The Truth, Mainly - 04/21/1997

Looking back to 1997 and the origin of the Millennial Wars
by Leon Satterfield

Historians in the 21st century don't agree on every aspect of the Great American Millennial Wars. They do agree, though, that the die was cast in the year 2000 when the Hard Rock Lost Lambs o' God used crop dusters to spray Mossback Roman Catholics with a compound that made them allergic to holy water.

They also agree that the seeds of the war had been planted back in 1997.

It was in February of '97 that Judge Roy Moore decided not to obey a higher court ruling that he must remove the Ten Commandments from his Alabama courtroom wall and stop holding prayer meetings with the jury pool.

Judge Moore maintained he was obliged to practice his religion in court.

"My duty under the Constitution is to acknowledge the Judeo-Christian God," he said. But not the deities of religions that don't worship "the God of the Holy Bible on which this country was founded" (LJS, April 12, '97).

Alabama Gov. Fob James said that if necessary he'd call out the National Guard to defend Judge Moore's right to be religious in court. The U.S. House of Representatives voted 295-125 to support Judge Moore, and on April 12, 1997, thousands turned out in Montgomery for a rally on his behalf (LJS, April 13, '97).

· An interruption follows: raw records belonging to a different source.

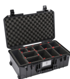
1535TP With TrekPak Divider System
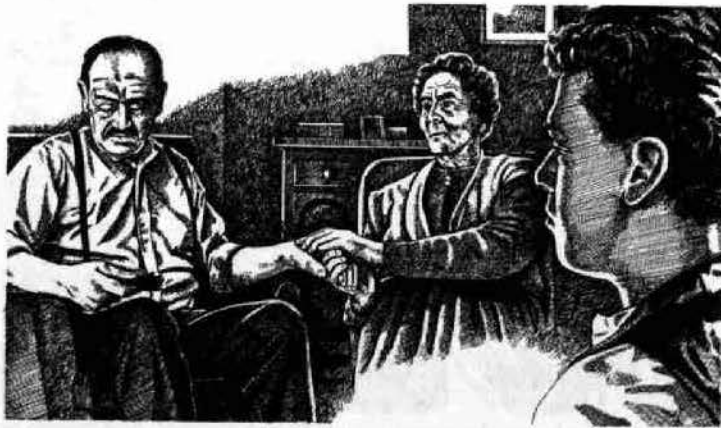
'I wish for £30,000.'

Herbert stopped talking and his old father thought for a minute. The room was quiet and they could hear the rain on the windows.
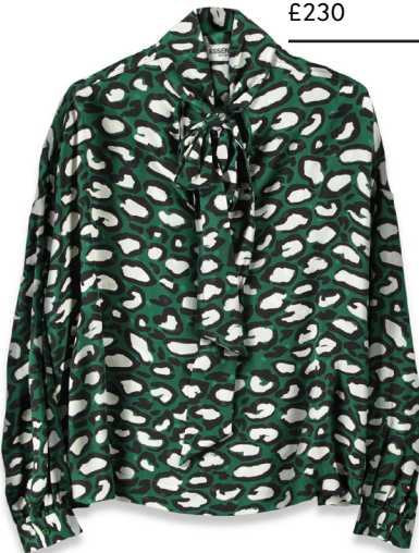
Essential Antwerp Bottle Green Leopard Print Silk Pussy Bow Shirt £230
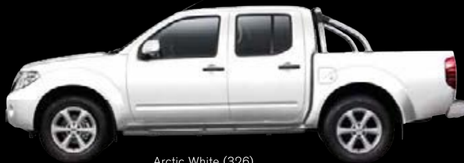
Arctic White (326)
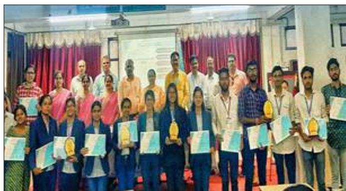
TechnoCraker- Annual Intercollegiate Event
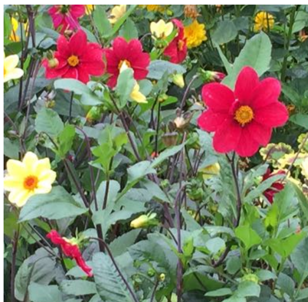
Dahlias provide bright yellow/orange pollen.

ering but a few persist. Asters, Field Scabious, Purple Loosestrife, Water Mint, Mallows and Purple Hoarhound continue to flower. On disturbed ground and brownfield sites yellow toadflax and willow herbs and bindweed are also persisting.
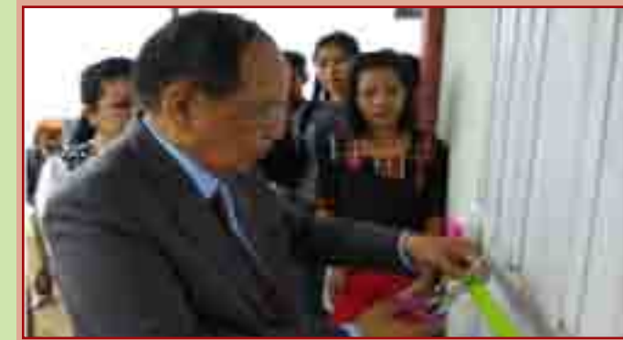
Shri C.L.Ruala, Hon'ble MP, Lok Sabha inaugurating the Study Centre

Lok Sabha at the premises of Community Hall, Khawllailung. The function was also graced by Smt. Vanlalawmpuii Chawngthu, Hon'ble Minister of State, Govt. of Mizoram.
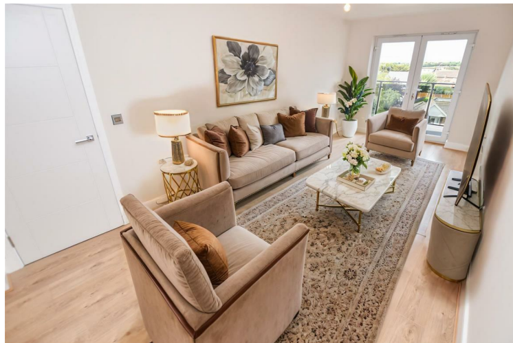
Lounge 20'5" x 9'10" max (6.22m x 3.00m max)

French doors to rear leading onto a spacious balcony, wood laminate flooring, radiator, brushed chrome power points and light switch, smooth plastered ceiling, open plan to:-
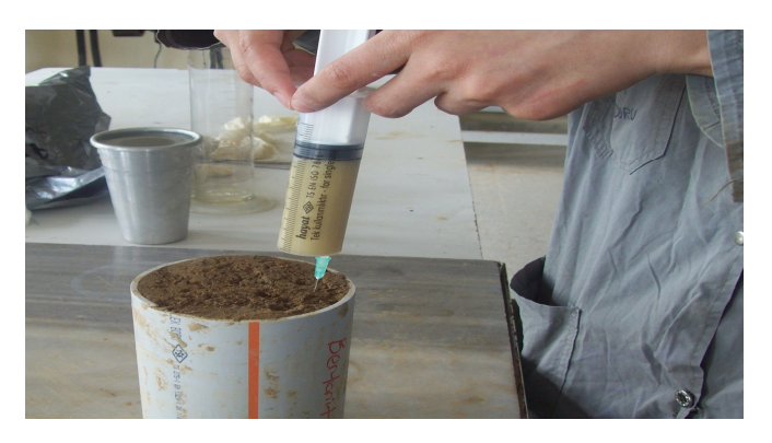
Figure 1. Bentonite injection into soil sample.
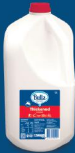
4015 Bulla Thickened Cream 5L
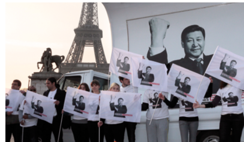
Posters of "Predator of Press Freedom" Xi Jinping making a rude gesture are paraded around Paris during the Chinese president's visit to Paris in April 2014.

When Chinese leaders have visited France – Hu Jintao in 2010 and Xi Jinping in 2014 – we have staged street protests in Paris to challenge their repressive policies. Now, with journalist Gao Yu , Nobel peace laureate Liu Xiaobo and blogger Ilham Tohti all languishing in prison, Tibet and Xinjiang cut off from the rest of the world and the Internet under close surveillance, the fight seems to be moving from the Chinese mainland to Hong Kong and to western democracies that rarely seem inclined to confront such an economically powerful country.
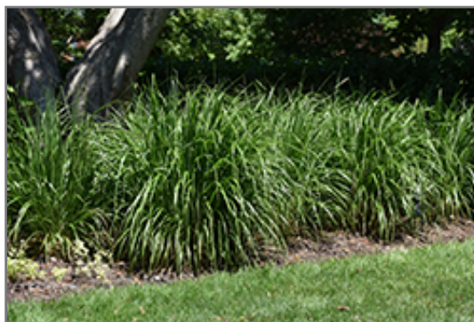
Korean Reed Grass

Korean Reed Grass is recommended for the following landscape applications;
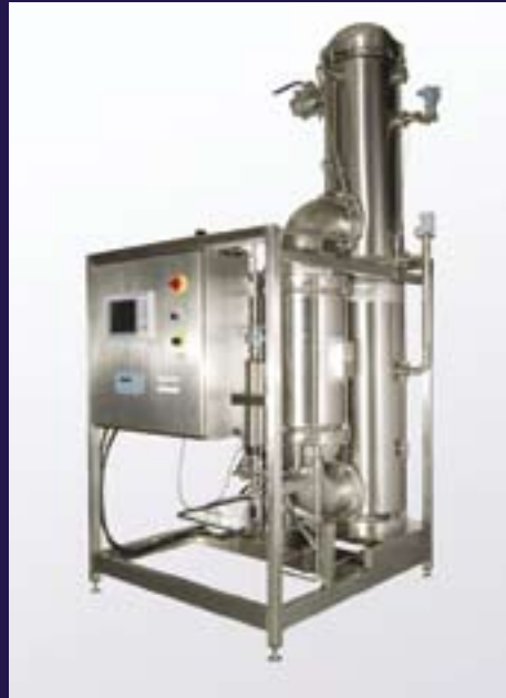
Clean and pure steam generators
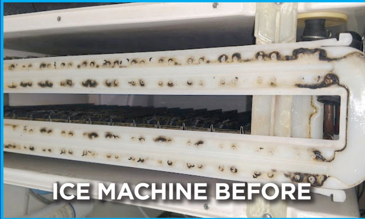
ICE MACHINE BEFORE

Our technology takes cold tap water and infuses it with ozone gas to create our Aqueous Ozone Solution . CleanCore Solution's™ patented technology creates a cleaning solution that contains an effective concentration of dissolved ozone.
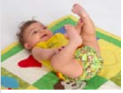
Babyville Diapers Credits: Babyville Boutique
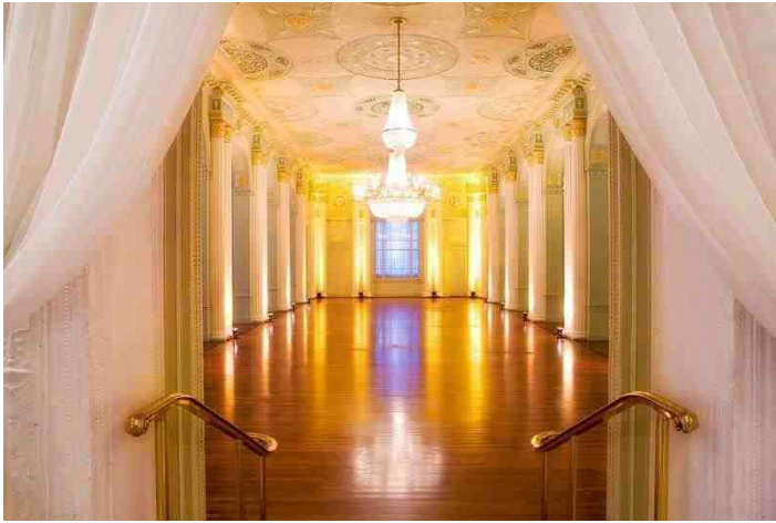
The Georgian Ballroom
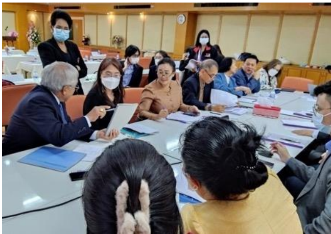
84. Continuing Professional Development (CPD) Forum by the Partnership Project for Global Health and Universal Health Coverage Phase 2 (June 2023)
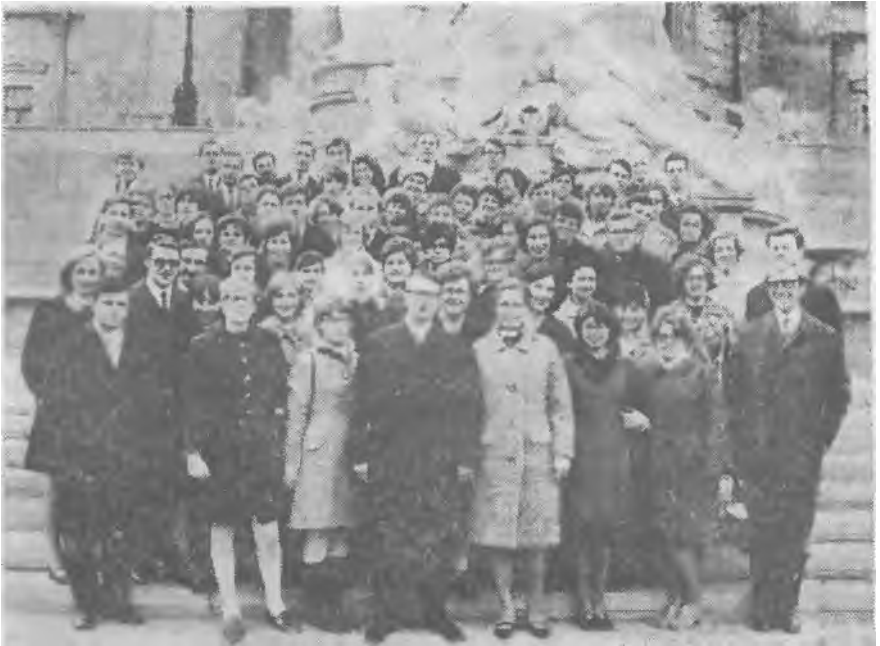
Children's Day 1970. Austrian Family

The most significant event in this month's activities of the Austrian family has been a radical change of policy regarding our university work. Our limitation to the religious approach and our ignorance in political matters had adverse effects on
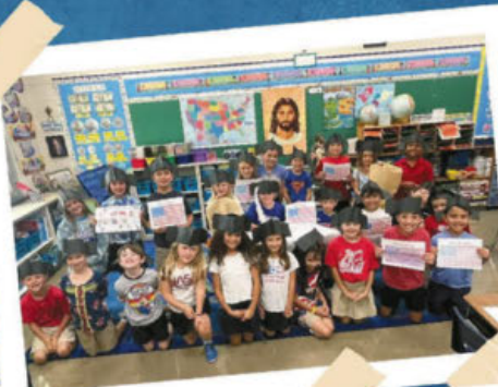
2nd Grade celebrating Constitution Day
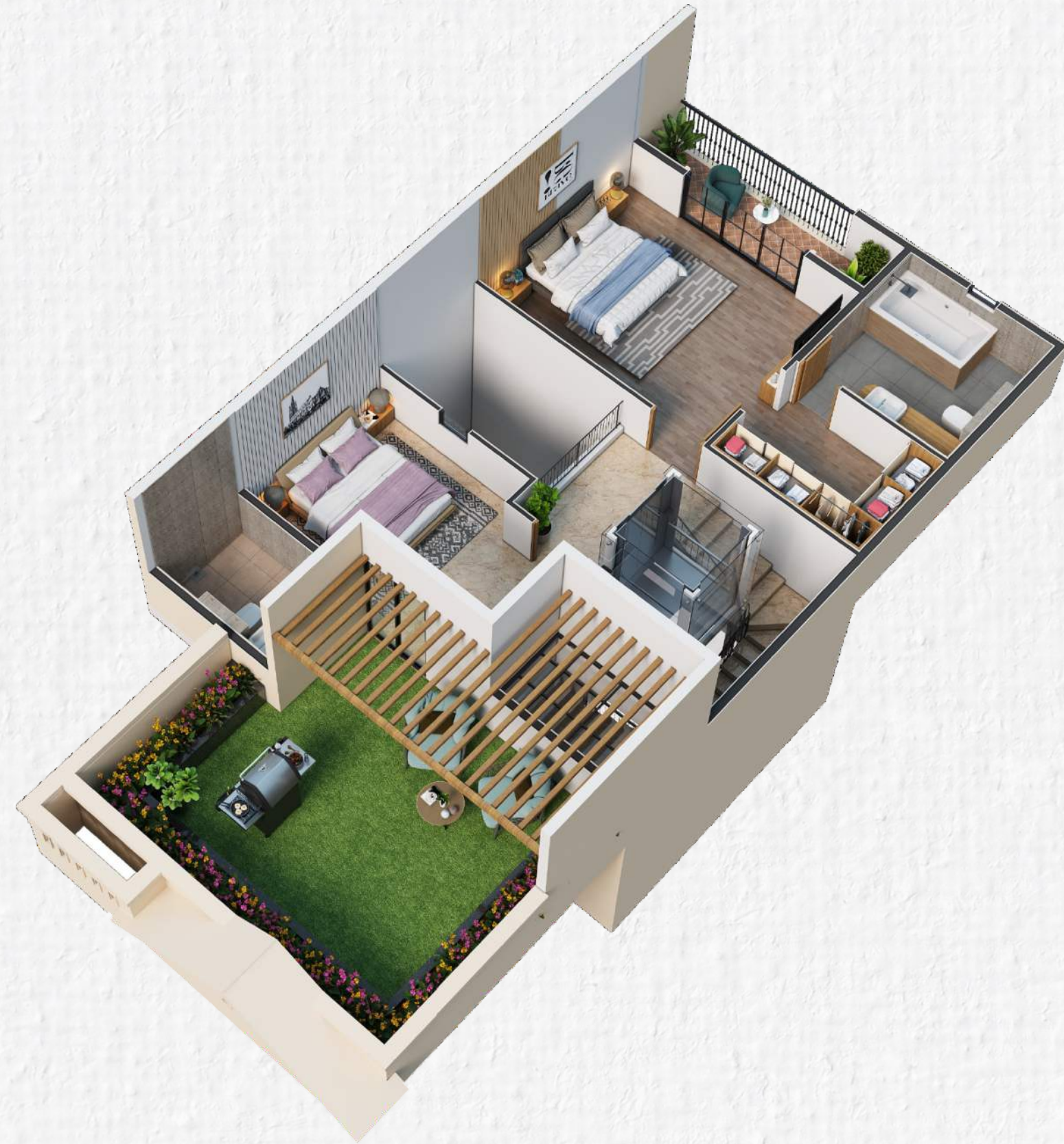
4 BED VILLAS ISOMETRIC VIEW
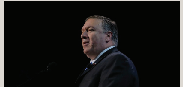
US Secretary of State Mike Pompeo speaks at the American Israel Public Affairs Committee (AIPAC) policy conference in Washington, DC, March 25, 2019.

In a speech to a major pro-Israel US lobby group in Washington, Pompeo accused Britain's opposition Labour Party of tolerating antisemitism, calling it a "national disgrace."
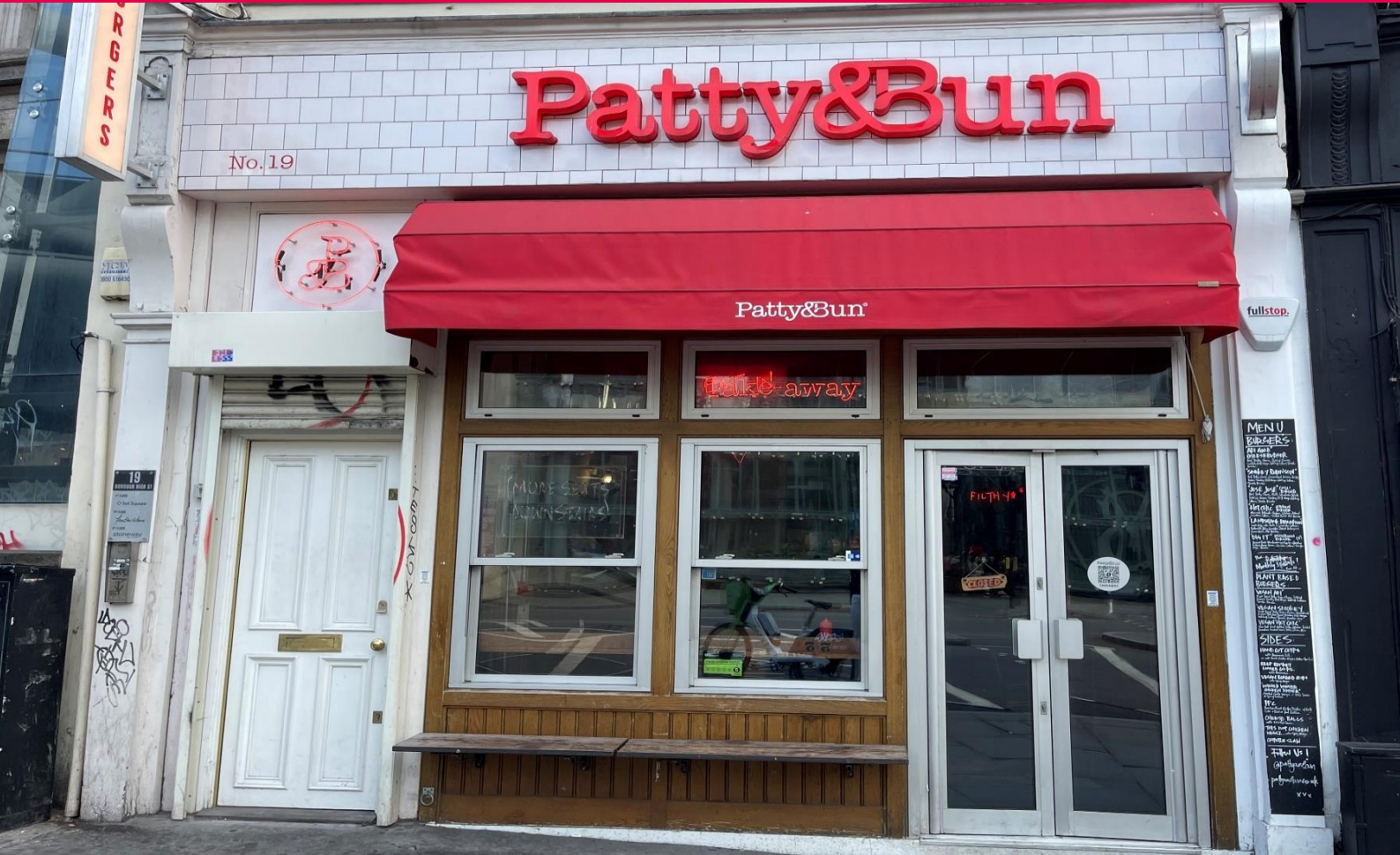
19 Borough High Street, London, SE1 9SE

But the real trouble, historians all agree, started a year later in the spring of 1998 when a Southern Baptist judge in Arkansas decided that if a little government establishment of religion was good, a lot would be better. A generalized Judeo-Christian court was too easy: he would set up a specifically Baptist court.

So he installed a baptistry and totally immersed witnesses before they testified. Theological dispute broke out when the courtroom janitor—a suspected Unitarian—grew snappish over cleaning up the splashes on the floor and slipped a quart of indelible blue dye into the baptistry.

Other Arkansas sects, fearful they wouldn't get a fair shake if they refused total immersion, found judges in their congregations who agreed to run courts according to their religious convictions.

The practice spread, and by the beginning of 1999, nearly every denomination in the U.S. had its own home court advantage. A few examples:

•In the Episcopalian court, sessions began with the burning of incense and the ringing of chimes. "Smells and bells," an indignant Quaker snorted.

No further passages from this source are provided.